King Samaratungga was traditionally regarded as the Javanese king responsible for the the completion of Borobudur. Construction of the monument took an estimate of 75 years and it follows the Javanese Buddhist architecture preaching the concept of attaining Nirvana. It is said to have the largest and most complete ensemble of Buddhist reliefs in the world. Viewed from above, Borobudur is like a Buddhist mandala with a square foundation measuring 118 meters on each side. There are altogether 9 platforms of which the lower 6 are square and the top 3 are circular. There are 72 small stupas, some with Buddha statues sitting inside, surrounding one large central stupa at the top. The 9 platforms are divided into the three realms of Buddhist cosmology: Kamadhatu (the realm of feeling and desire), Rupadhatu (the realm of forms), and Arupadhatu (the realm of formlessness). Ordinary people usually live out their lives on the lowest level and their actions are governed by their feelings and desires. This is represented by the lowest square platform. Those who are evolved and no longer have desires in the earthly world graduate to the realm of forms where they see forms but are not drawn to them.

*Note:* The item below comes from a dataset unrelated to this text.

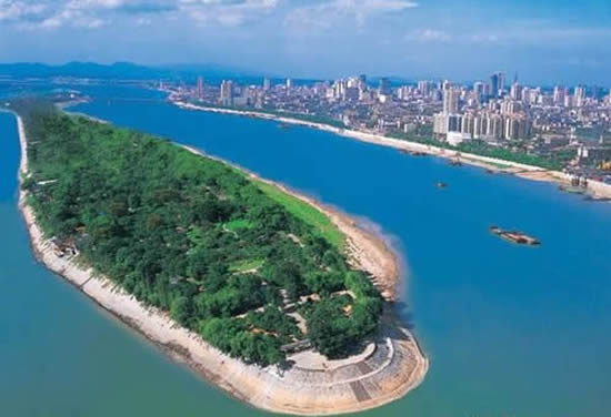 毛主席有一首《沁園春·長沙》:“獨(dú)立寒秋,湘江北去,橘子洲頭,看萬山紅遍,層林盡染”,這里所說的橘子洲就在長沙市區(qū)的湘江中心,是一個長約十華里的長島,是長沙市的重要名勝。

This realm is represented by the 2nd to the 5th square platforms. Those who reach nirvana become full buddhas and escape the cycle of Samsara and go to the realm of formlessness, represented by the top 3 circular platforms. From the base of the monument, Buddhist pilgrims follow an extensive system of stairs and corridors around each of the platforms ascending to the top symbolizing the goal to reach enlightenment and liberation from the cycle of life, death, and rebirth. Over 1,500 reliefs tell the story and different lives of the Lord Buddha and it is said that making the pilgrimage is equivalent to receiving a complete set of Buddhist teachings.

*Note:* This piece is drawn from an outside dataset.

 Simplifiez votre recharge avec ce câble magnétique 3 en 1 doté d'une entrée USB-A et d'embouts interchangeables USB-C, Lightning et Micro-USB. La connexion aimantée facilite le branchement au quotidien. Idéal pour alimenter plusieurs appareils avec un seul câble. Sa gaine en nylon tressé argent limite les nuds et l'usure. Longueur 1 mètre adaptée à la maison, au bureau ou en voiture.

Legend has it that the area where Borobudur is located is a Javanese sacred place also known as the garden of Java. Archaeologists discovered that Borobudur and two smaller temples, Pawon and Mendut, were all built along a straight line but how these Buddhist temples interacted with each other remains a mystery. Pawon, also built during the Sailendra Dynasty, stands between Borobudur and Mendut and is the smallest of the three Buddhist temples. The name Pawon translates to “place that contains dust” in Javanese leading to the hypothesis that it served as a tomb or a mortuary temple for a king. Many also believed that this temple was used to purify oneself before arriving at Borobudur during the annual Vesak ritual where during the full moon in May or June, Buddhists walk from Mendut to Pawon and then ending at Borobudur. As we were all quite tired from the early morning rise, we skipped Pawon but did stop by Mendut. Mendut is the oldest of the three Buddhist temples believed to be built in 824 by the Sailendra King Indra. Along the walls are bas-relief of the Jataka tales narrating the previous births of the Buddha in both human and animal form. In the front chamber of the temple is a bas-relief of Hariti who is a Javanese symbol of fertility and the patroness of motherhood and protector of children. Childless couples like to come here to pray to Hariti. In the main chamber is the 3-meter tall Dhyani Buddha Vairocana statue flanked by Bodhisattva Avalokitesvara and Bodhisattva Vajrapani. Buddha Vairocana is considered a Primordial Buddha meant to liberate devotees from the bodily karma. Bodhisattva Avalokitesvara or Guanyin for the Chinese Buddhists is the compassionate bodhisattva who hears the cries of the sentient beings and Bodhisattva Vajrapani is the protector and guide of Gautama Buddha and came to symbolize the Buddha’s power. To Javanese Buddhists, praying here at Mendut temple is believed to fulfil wishes especially to recover from illnesses.